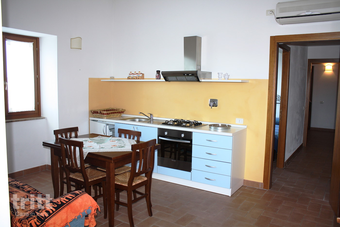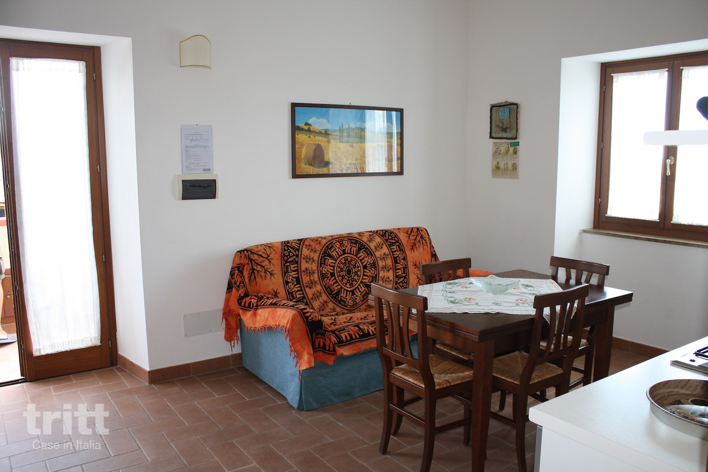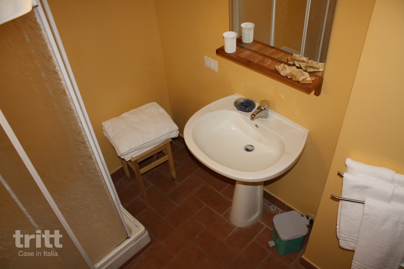 Die 5-Personen-Wohnung verfügt über einen Wohnbereich mit Küche, ausgestattet mit einem 4-Platten-Herd, einem Ofen und einem Kühlschrank mit Gefrierfach, einem Schlafzimmer mit Doppelbett, einem Schlafzimmer mit zwei Einzelbetten sowie einem Badezimmer mit Dusche und Toilette. Diese Wohnung hat eine Terrasse. Es gibt einen Gemüse- und Kräutergarten, den du kostenlos nutzen kannst (Ernte je nach Jahreszeit, natürlich). Außerdem können Sie Gemüse, Tomatensoosse, Olivenöl, Wein und Grappa aus Ihrem eigenen 'Garten' kaufen. Tagsüber kann man den Tennisplatz/Fußballplatz kostenlos nutzen, abends gibt es wegen der Beleuchtung einen Zuschlag von 10,00 € pro Stunde. Ein zusätzliches 5. Bett ist im Schlafzimmer mit Doppelbett möglich, es fällt eine zusätzliche Gebühr an.
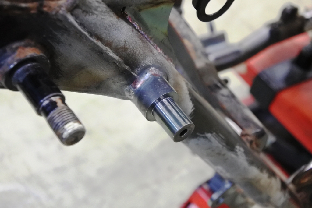 下穴を開けてブッシュを貫通させ、しっかり溶接で固定するのが原則・・・
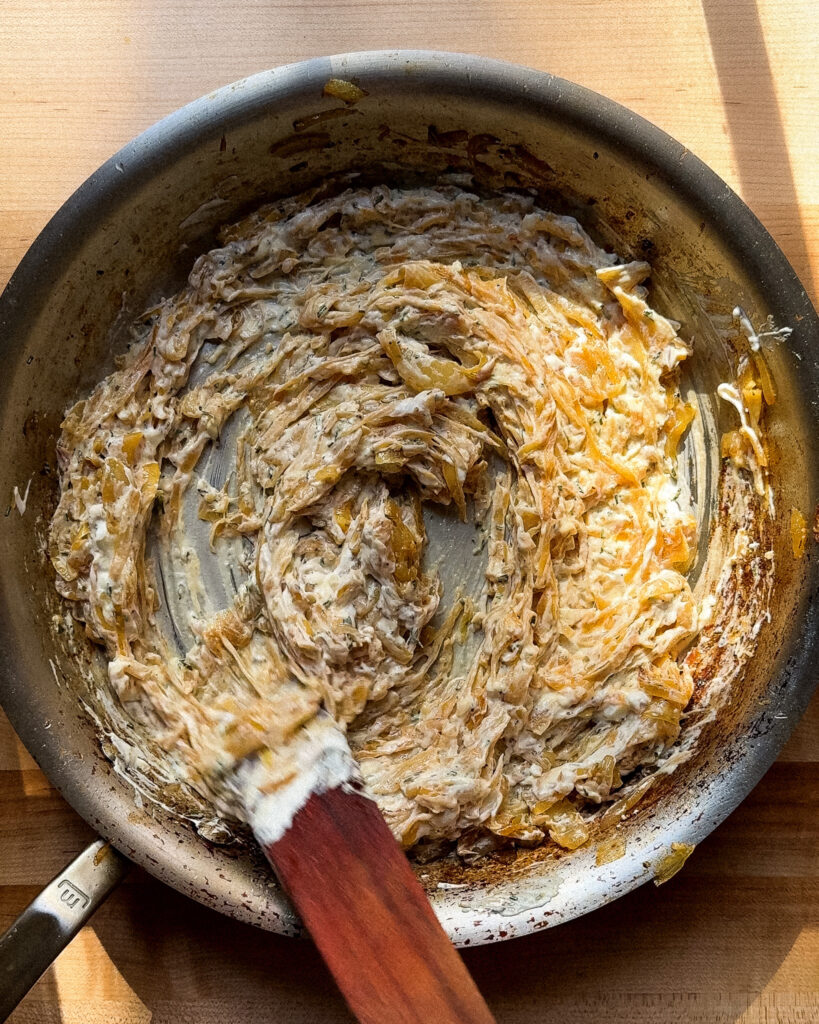 There are few things I love more at a potluck than a galette that’s rich, hearty, but also incredibly easy to make. Enter scene: this Sour Cream & Caramelized Onion Galette. First things first, we all know sour cream and onion are a match made in heaven. Just try the potato chip flavor and tell me it’s not the best thing in the entire world. So what happens when you take sticky, rich caramelized onions, mix in sour cream and then bake it in the oven until it becomes even more charred and caramelized? Absolute heaven. And don’t even get me started on the flaky crust.
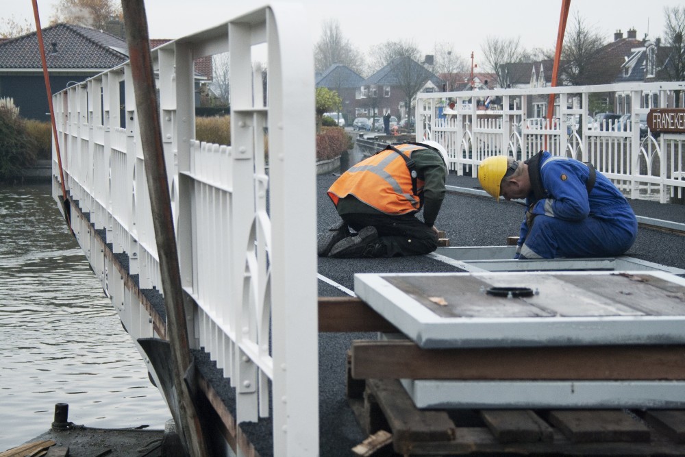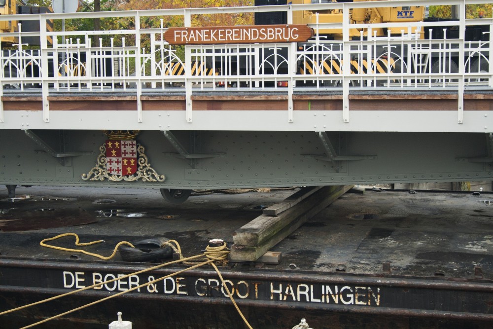 Op woensdag 23 november 2016 is de Franekereindsbrug in Harlingen weer teruggeplaatst op zijn draaipunt. De brug, welke is gebouwd in 1914, is in mei 2016 voor de eerste keer in z’n bestaan van zijn plek gehesen en vervoerd naar de restauratiehal van De Boer & De Groot. Hier is de brug door ons op vakkundige wijze gerestaureerd in opdracht van Monumentenstichting Harlingen.

*Work required:* Nothing but the pictures should be left out when the listing is repeated exactly.

*Solution below:*
 Die 5-Personen-Wohnung verfügt über einen Wohnbereich mit Küche, ausgestattet mit einem 4-Platten-Herd, einem Ofen und einem Kühlschrank mit Gefrierfach, einem Schlafzimmer mit Doppelbett, einem Schlafzimmer mit zwei Einzelbetten sowie einem Badezimmer mit Dusche und Toilette. Diese Wohnung hat eine Terrasse. Es gibt einen Gemüse- und Kräutergarten, den du kostenlos nutzen kannst (Ernte je nach Jahreszeit, natürlich). Außerdem können Sie Gemüse, Tomatensoosse, Olivenöl, Wein und Grappa aus Ihrem eigenen 'Garten' kaufen. Tagsüber kann man den Tennisplatz/Fußballplatz kostenlos nutzen, abends gibt es wegen der Beleuchtung einen Zuschlag von 10,00 € pro Stunde. Ein zusätzliches 5. Bett ist im Schlafzimmer mit Doppelbett möglich, es fällt eine zusätzliche Gebühr an.
 下穴を開けてブッシュを貫通させ、しっかり溶接で固定するのが原則・・・
 There are few things I love more at a potluck than a galette that’s rich, hearty, but also incredibly easy to make. Enter scene: this Sour Cream & Caramelized Onion Galette. First things first, we all know sour cream and onion are a match made in heaven. Just try the potato chip flavor and tell me it’s not the best thing in the entire world. So what happens when you take sticky, rich caramelized onions, mix in sour cream and then bake it in the oven until it becomes even more charred and caramelized? Absolute heaven. And don’t even get me started on the flaky crust.
 Op woensdag 23 november 2016 is de Franekereindsbrug in Harlingen weer teruggeplaatst op zijn draaipunt. De brug, welke is gebouwd in 1914, is in mei 2016 voor de eerste keer in z’n bestaan van zijn plek gehesen en vervoerd naar de restauratiehal van De Boer & De Groot. Hier is de brug door ons op vakkundige wijze gerestaureerd in opdracht van Monumentenstichting Harlingen.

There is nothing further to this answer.